Nested stacks are awesome! They allowed me to encapsulate logical areas of functionality or usage within my templates and make large or complex stacks more manageable. As a developer, nested stacks seem natural to me. They are an intuitive option that allowed me to extend best practices I adopted when writing code: abstract, decouple, simplify.

With nested stacks I can group related resources into a single template, like databases or business logic resources. Or I can separate templates into those that change frequently, like the application layer, and those that remain fairly constant over time. For example, I find that when building a stack using CloudFormation, the VPC, subnets, and route tables remain fairly constant over time. More often that not, I'm making changes by adding new applications or components or changing the associated security groups.
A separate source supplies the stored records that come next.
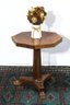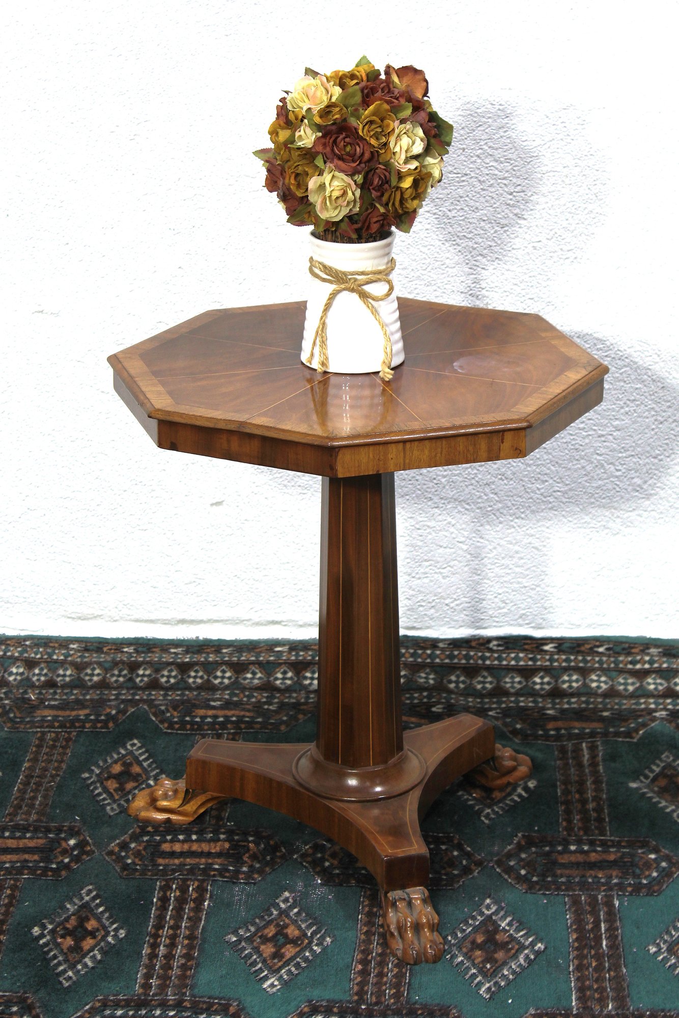This charming vintage octagonal pedestal side table is a true testament to classic craftsmanship. The table features a beautifully inlaid top with a starburst veneer pattern, offering an elegant aesthetic perfect for any living space. The pedestal base showcases intricate detailing, culminating in carved claw feet for a touch of timeless sophistication.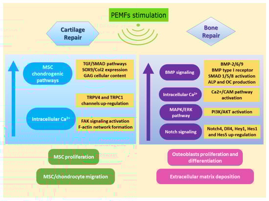 Varani, K.; Vincenzi, F.; Pasquini, S.; Blo, I.; Salati, S.; Cadossi, M.; De Mattei, M. Pulsed Electromagnetic Field Stimulation in Osteogenesis and Chondrogenesis: Signaling Pathways and Therapeutic Implications. Int. J. Mol. Sci. 2021, 22, 809. https://doi.org/10.3390/ijms22020809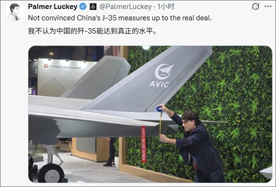 美国众泰的皮尺部[呲牙][大笑] 第十届新加坡航展现场 美国安杜里尔工业公司 创始人“帕尔默·拉奇” 在中航的展台上 用卷尺量歼35A的缩比模型 获取相关测量数据。

I also create nested CloudFormation templates whenever I find duplication within a template. For example, in multi-AZ VPCs, the configuration of resources in a single AZ can be extracted and moved out on its own.
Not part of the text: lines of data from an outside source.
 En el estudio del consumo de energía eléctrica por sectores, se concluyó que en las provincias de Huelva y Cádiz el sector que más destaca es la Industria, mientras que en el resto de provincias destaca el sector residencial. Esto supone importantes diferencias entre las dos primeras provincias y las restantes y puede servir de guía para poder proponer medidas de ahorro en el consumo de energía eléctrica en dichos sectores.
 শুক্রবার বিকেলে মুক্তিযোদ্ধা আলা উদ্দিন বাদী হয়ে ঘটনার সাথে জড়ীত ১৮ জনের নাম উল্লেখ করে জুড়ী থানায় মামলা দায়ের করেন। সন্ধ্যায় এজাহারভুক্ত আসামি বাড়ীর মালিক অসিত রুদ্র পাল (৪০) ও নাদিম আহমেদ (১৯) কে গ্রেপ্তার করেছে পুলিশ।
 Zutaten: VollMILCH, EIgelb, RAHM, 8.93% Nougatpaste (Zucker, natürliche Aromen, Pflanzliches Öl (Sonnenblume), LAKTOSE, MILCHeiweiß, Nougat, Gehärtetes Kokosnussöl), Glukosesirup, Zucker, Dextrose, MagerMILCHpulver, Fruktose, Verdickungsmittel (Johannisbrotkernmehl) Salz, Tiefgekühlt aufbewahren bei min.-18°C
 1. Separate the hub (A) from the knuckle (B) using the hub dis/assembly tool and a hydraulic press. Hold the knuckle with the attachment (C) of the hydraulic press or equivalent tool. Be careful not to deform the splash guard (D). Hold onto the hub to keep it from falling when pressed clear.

Lambda-backed custom resources

Lambda-backed custom resources allow me to implement custom actions during template instantiation outside of those AWS resources that are created for the stack itself. These resources make it very easy to implement utility functions using Lambda and reference them during stack creation.

The Lambda function associate with a customer resource is invoked when that resource it is created, updated, or deleted. When invoked, CloudFormation passes request data to the function, which can be used to perform customer actions.
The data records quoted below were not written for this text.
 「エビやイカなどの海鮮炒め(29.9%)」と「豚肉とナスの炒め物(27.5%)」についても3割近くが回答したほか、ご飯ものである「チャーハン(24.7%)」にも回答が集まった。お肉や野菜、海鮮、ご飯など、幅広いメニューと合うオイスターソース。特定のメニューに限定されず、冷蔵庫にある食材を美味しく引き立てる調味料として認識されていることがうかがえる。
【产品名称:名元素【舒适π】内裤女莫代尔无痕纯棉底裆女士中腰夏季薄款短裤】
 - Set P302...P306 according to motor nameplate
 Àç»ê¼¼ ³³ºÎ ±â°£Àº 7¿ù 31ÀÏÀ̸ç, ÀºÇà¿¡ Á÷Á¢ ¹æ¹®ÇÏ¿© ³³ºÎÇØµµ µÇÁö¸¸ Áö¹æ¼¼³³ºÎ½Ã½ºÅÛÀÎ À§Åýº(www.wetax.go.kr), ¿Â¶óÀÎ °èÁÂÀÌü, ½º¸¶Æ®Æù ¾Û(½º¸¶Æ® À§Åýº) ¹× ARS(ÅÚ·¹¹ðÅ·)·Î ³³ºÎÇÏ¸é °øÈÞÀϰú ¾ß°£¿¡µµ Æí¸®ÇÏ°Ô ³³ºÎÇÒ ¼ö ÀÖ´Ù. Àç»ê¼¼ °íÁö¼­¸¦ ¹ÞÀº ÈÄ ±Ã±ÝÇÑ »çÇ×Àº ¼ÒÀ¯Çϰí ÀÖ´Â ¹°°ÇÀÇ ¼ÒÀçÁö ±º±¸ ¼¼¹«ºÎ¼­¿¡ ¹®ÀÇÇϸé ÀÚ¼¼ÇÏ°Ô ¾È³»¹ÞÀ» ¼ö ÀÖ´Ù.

As a simple example, you can use a Lambda-backed custom resource to perform dynamic AMI lookups. Instead of maintaining a static lookup in CloudFormation (which most of us do or have done), I can use Lambda to query a DynamoDB table that I use to maintain my AMI list. The use of DynamoDB to persiste my AMI list also makes it much easier to the custom resource.

The list of possibilities using Lambda-backed custom resources is endless. You’re limited only by what you can do with Lambda, which isn’t much of a limitation at all.

More on Lambda-backed custom resources

Change sets

Change sets allow you to see or inspect changes that CloudFormation will make to your stack before actually applying them. This makes it much easier to make changes to CloudFormation templates and validate that what you intend to change as a result of the update is the only thing that is going to change. Before the introduction of change sets, aside from visually inspecting the updated template or performing a diff of old and new templates, you might not ever be sure of what was going to change.

Knowing what is going to change before the fact gives me confidence that the changes that will occur as a result of changing the template are intentional and correct. If I’ve accidentally made a change that would update or delete a business critical resource, I want to know about it before any damage has been done. And even if the change is intentional, this feature gives me one last opportunity to review and verify the change.

There are many times before the introduction of change sets where I updated an AWS resource by changing an property of the resource, unaware that changes to that particular property necessitated the creation of a new resource. SQS queue names, Lambda function names, and EC2 private IP addresses are good examples. Change sets help mitigate that issue.

More on change sets

YAML

Finally, YAML and the introduction of CloudFormation template support for YAML. In my opinion (but it’s true), this is the single greatest improvement CloudFormation has made since launching in 2011. Functionally, it provides no additional benefit over the original JSON template format, but YAML is so much better than JSON ;)

The downside, of course, is that I spend my time hunting down template errors caused by indenting and spaces instead of curly bracket placement (or angle brackets for you XML nerds).

More on YAML

A gateway to infrastructure as code

I use SQS and S3, EC2, RDS, Lambda, and SageMaker like everyone else. These are the services we all typically use to build our software and services on AWS. But when I want to “build” infrastructure on AWS, I always turn to CloudFormation.

CloudFormation is the glue that holds my AWS infrastructure all together. The “one ring” if you’re a LOTR fan. Enjoy!